__Aim of the task__: Beginning with the line that holds "- Bebilderte Übungen: Die" and ending with the last line of the entries below, copy every line exactly and nothing else, with the pictures left out.

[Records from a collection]
::::::
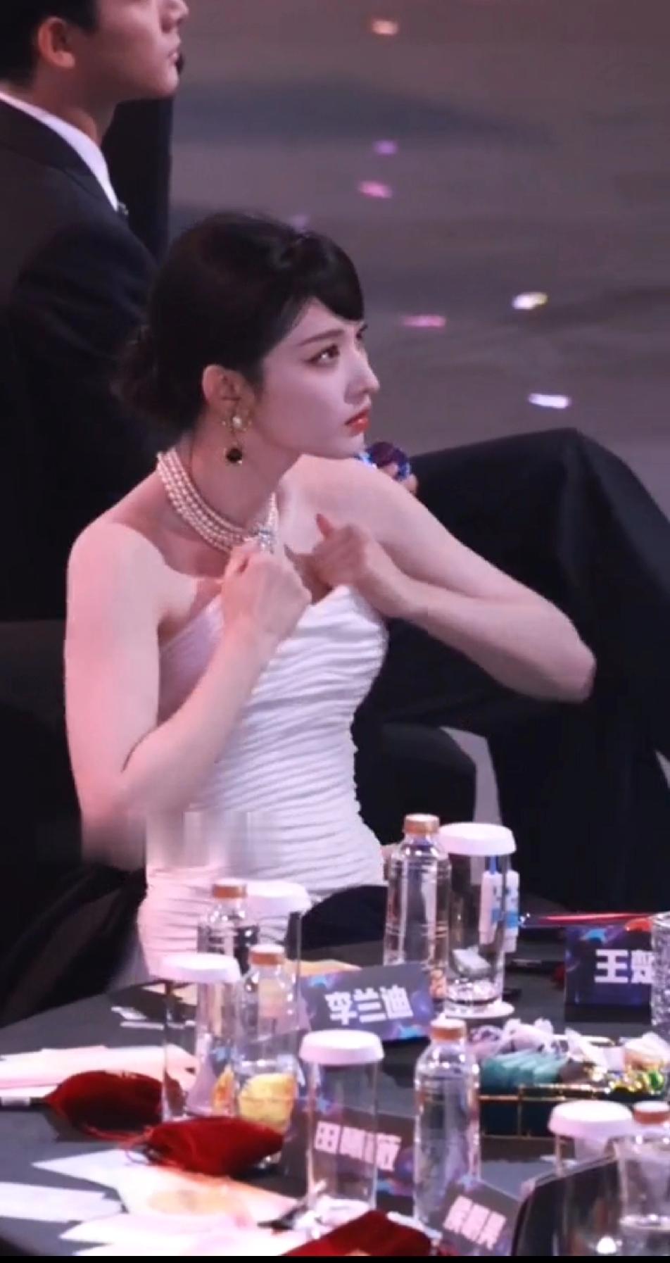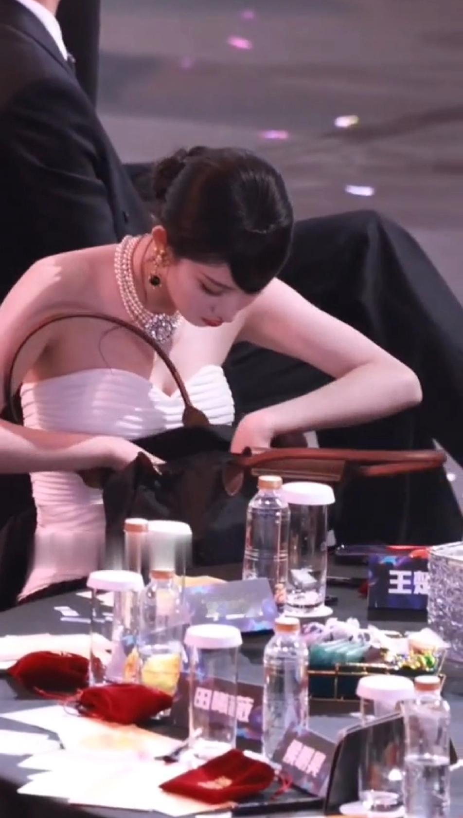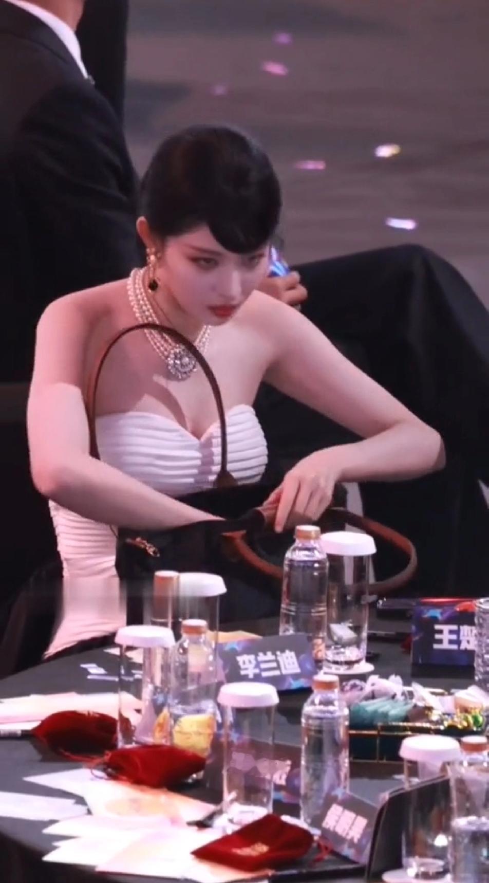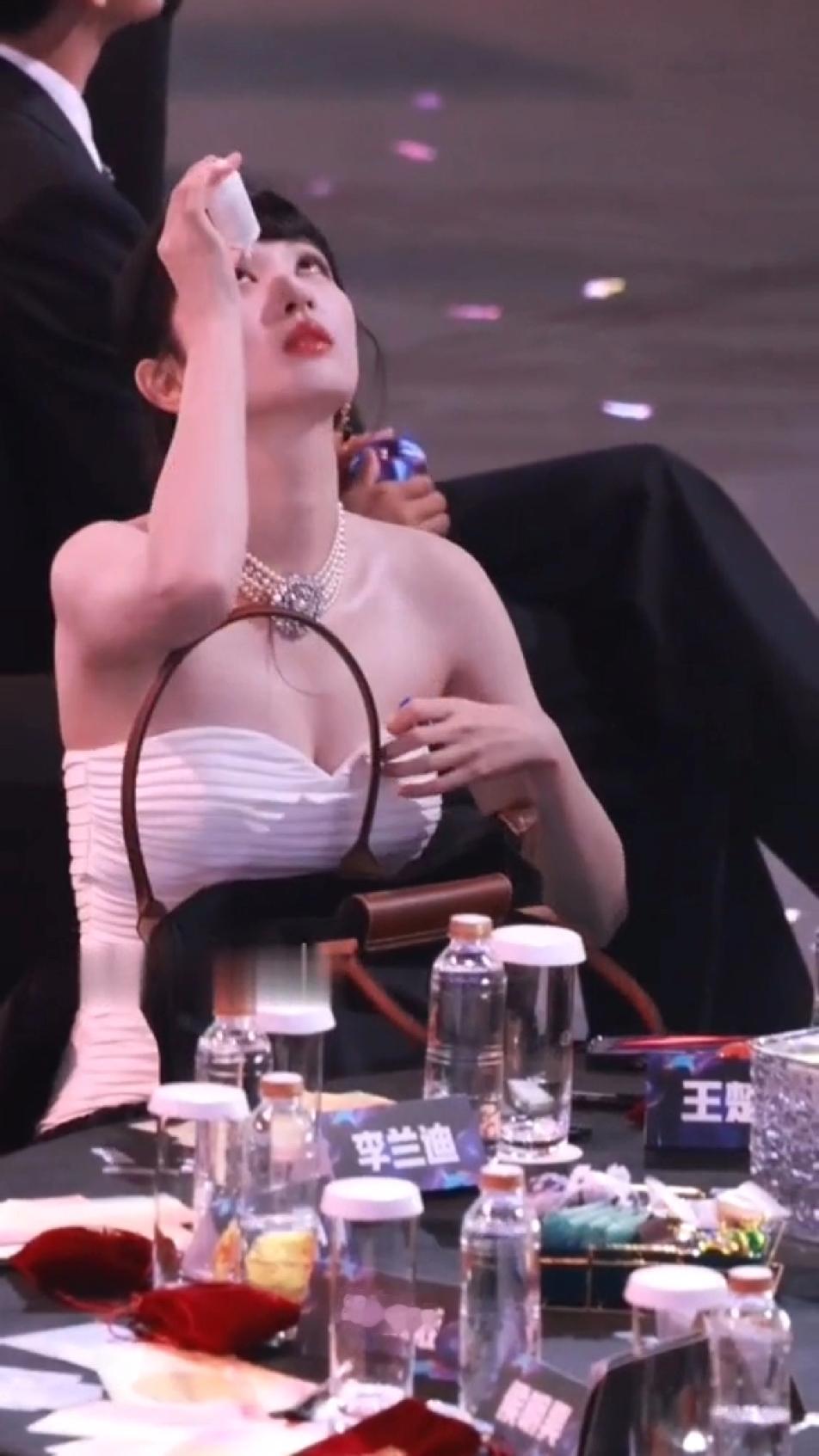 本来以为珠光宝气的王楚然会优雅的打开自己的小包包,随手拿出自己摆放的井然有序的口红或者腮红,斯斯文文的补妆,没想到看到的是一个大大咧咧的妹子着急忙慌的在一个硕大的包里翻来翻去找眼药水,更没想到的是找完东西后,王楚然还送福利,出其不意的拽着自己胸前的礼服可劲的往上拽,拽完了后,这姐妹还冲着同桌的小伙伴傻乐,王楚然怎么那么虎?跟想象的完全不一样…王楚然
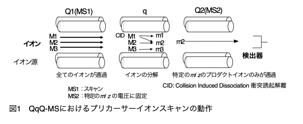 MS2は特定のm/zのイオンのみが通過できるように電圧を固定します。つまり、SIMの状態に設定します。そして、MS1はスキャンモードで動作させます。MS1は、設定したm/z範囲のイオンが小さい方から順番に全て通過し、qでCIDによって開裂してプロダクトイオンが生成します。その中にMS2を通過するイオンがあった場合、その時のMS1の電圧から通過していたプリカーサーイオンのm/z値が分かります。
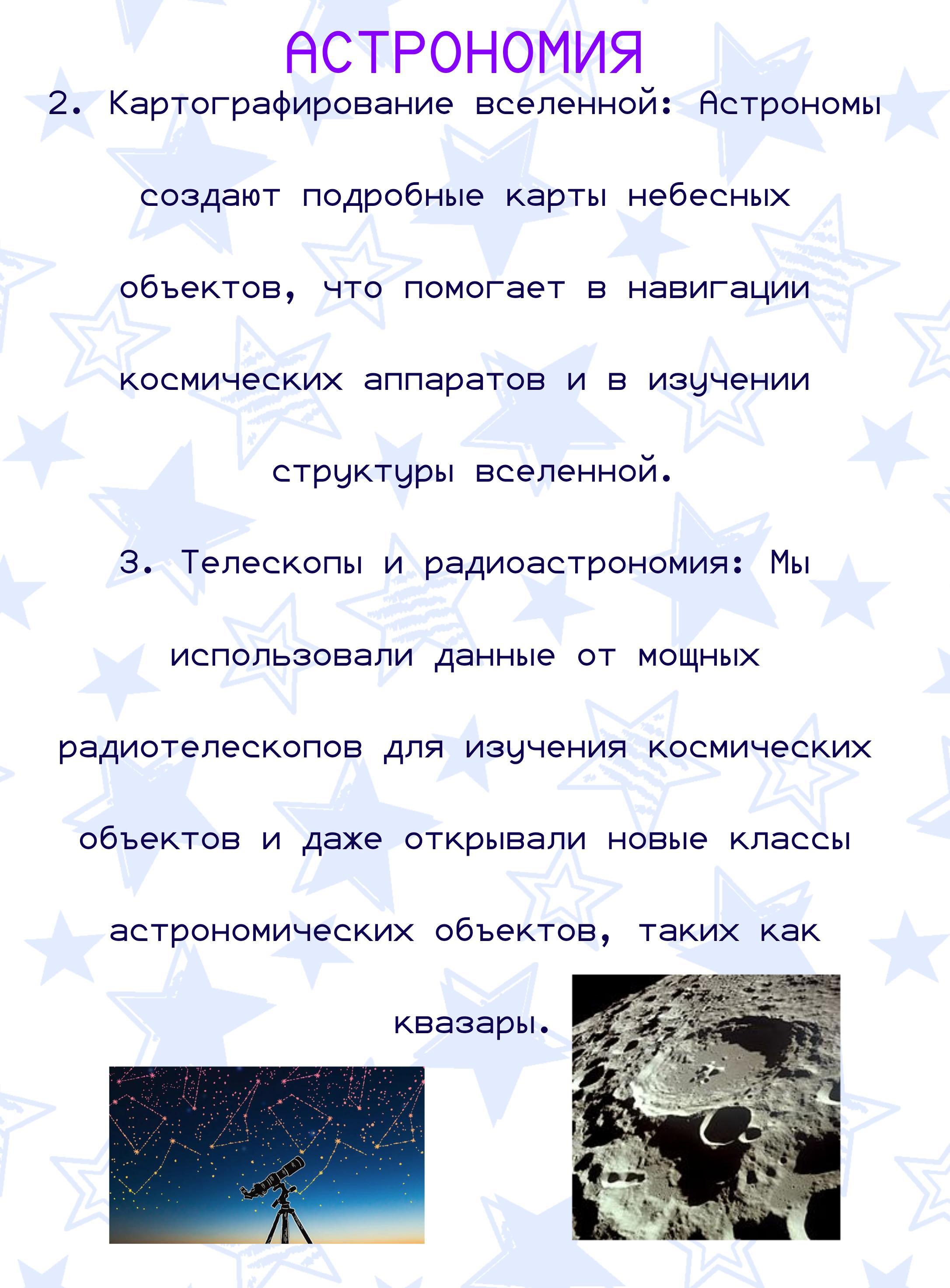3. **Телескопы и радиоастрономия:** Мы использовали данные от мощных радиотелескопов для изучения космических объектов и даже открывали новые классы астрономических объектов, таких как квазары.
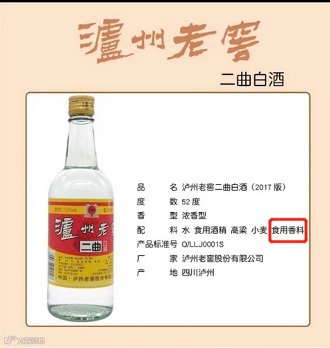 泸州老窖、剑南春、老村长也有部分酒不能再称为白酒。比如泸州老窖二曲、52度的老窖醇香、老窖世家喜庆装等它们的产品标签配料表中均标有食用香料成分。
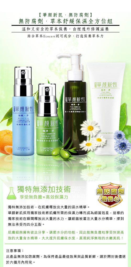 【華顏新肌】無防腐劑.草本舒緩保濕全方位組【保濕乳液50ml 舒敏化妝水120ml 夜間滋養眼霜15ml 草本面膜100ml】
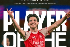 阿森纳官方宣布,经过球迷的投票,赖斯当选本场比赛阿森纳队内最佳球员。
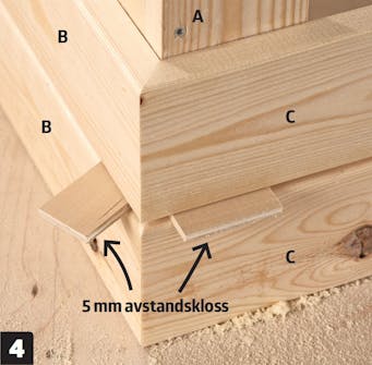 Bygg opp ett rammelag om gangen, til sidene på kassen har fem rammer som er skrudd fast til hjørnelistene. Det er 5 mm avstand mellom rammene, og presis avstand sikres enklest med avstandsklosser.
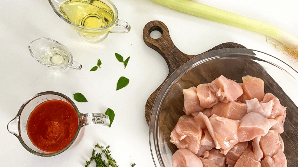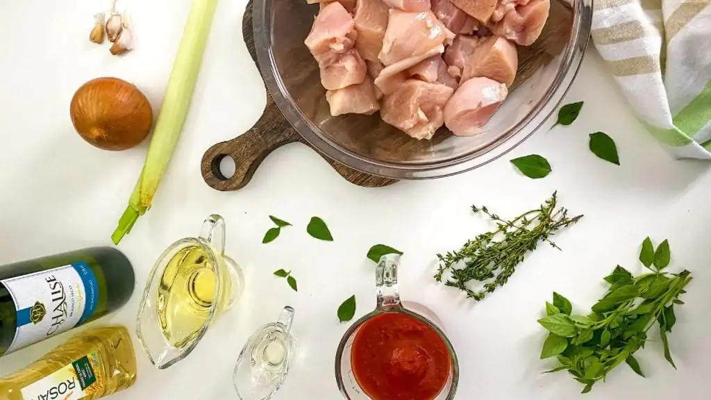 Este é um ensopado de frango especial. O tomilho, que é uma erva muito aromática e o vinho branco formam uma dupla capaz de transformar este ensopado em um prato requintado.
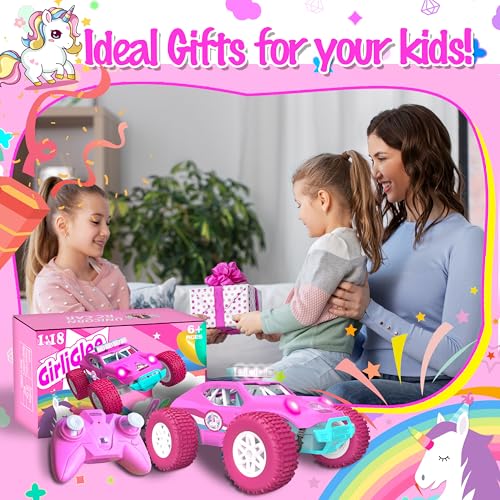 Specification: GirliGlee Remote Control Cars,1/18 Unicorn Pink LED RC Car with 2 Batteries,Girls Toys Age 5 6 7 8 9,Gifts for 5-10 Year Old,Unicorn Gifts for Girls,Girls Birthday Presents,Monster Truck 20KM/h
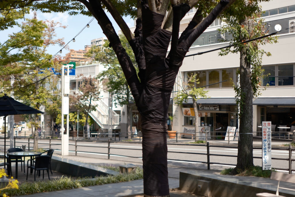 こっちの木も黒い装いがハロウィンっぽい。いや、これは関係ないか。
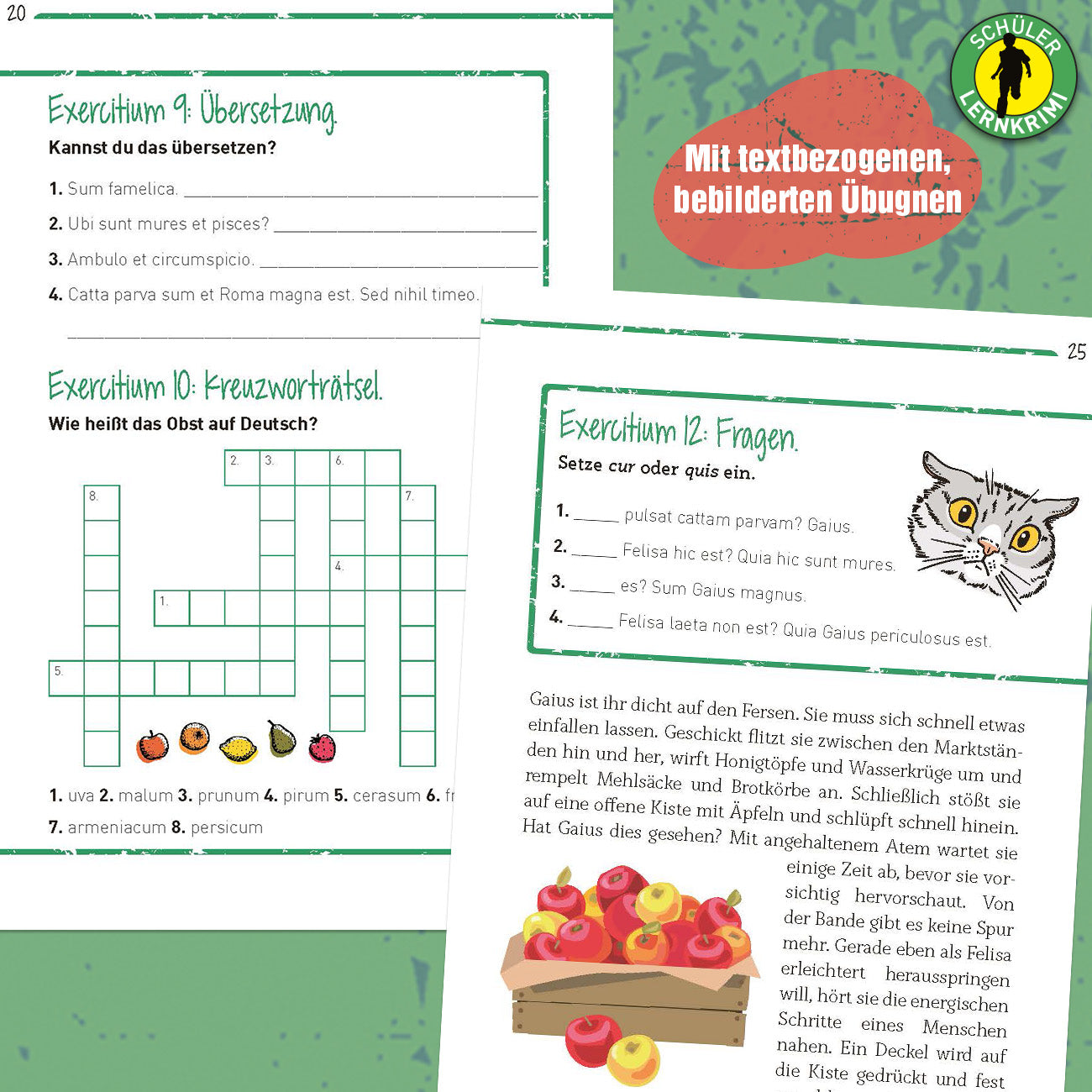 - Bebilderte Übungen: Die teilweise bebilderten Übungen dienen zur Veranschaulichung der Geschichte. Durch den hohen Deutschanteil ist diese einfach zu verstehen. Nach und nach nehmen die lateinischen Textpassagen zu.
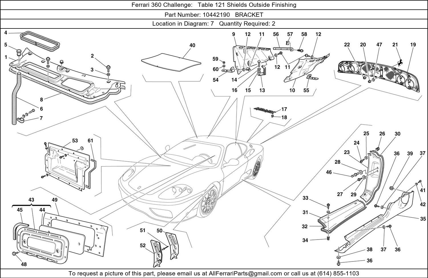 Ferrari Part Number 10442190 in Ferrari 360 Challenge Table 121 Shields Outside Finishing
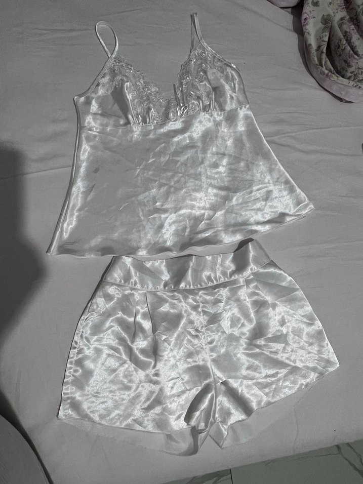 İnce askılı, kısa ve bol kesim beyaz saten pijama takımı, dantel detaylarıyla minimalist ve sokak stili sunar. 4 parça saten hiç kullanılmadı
::::::
__Exercise solution__:
 - Bebilderte Übungen: Die teilweise bebilderten Übungen dienen zur Veranschaulichung der Geschichte. Durch den hohen Deutschanteil ist diese einfach zu verstehen. Nach und nach nehmen die lateinischen Textpassagen zu.
 Ferrari Part Number 10442190 in Ferrari 360 Challenge Table 121 Shields Outside Finishing
 İnce askılı, kısa ve bol kesim beyaz saten pijama takımı, dantel detaylarıyla minimalist ve sokak stili sunar. 4 parça saten hiç kullanılmadı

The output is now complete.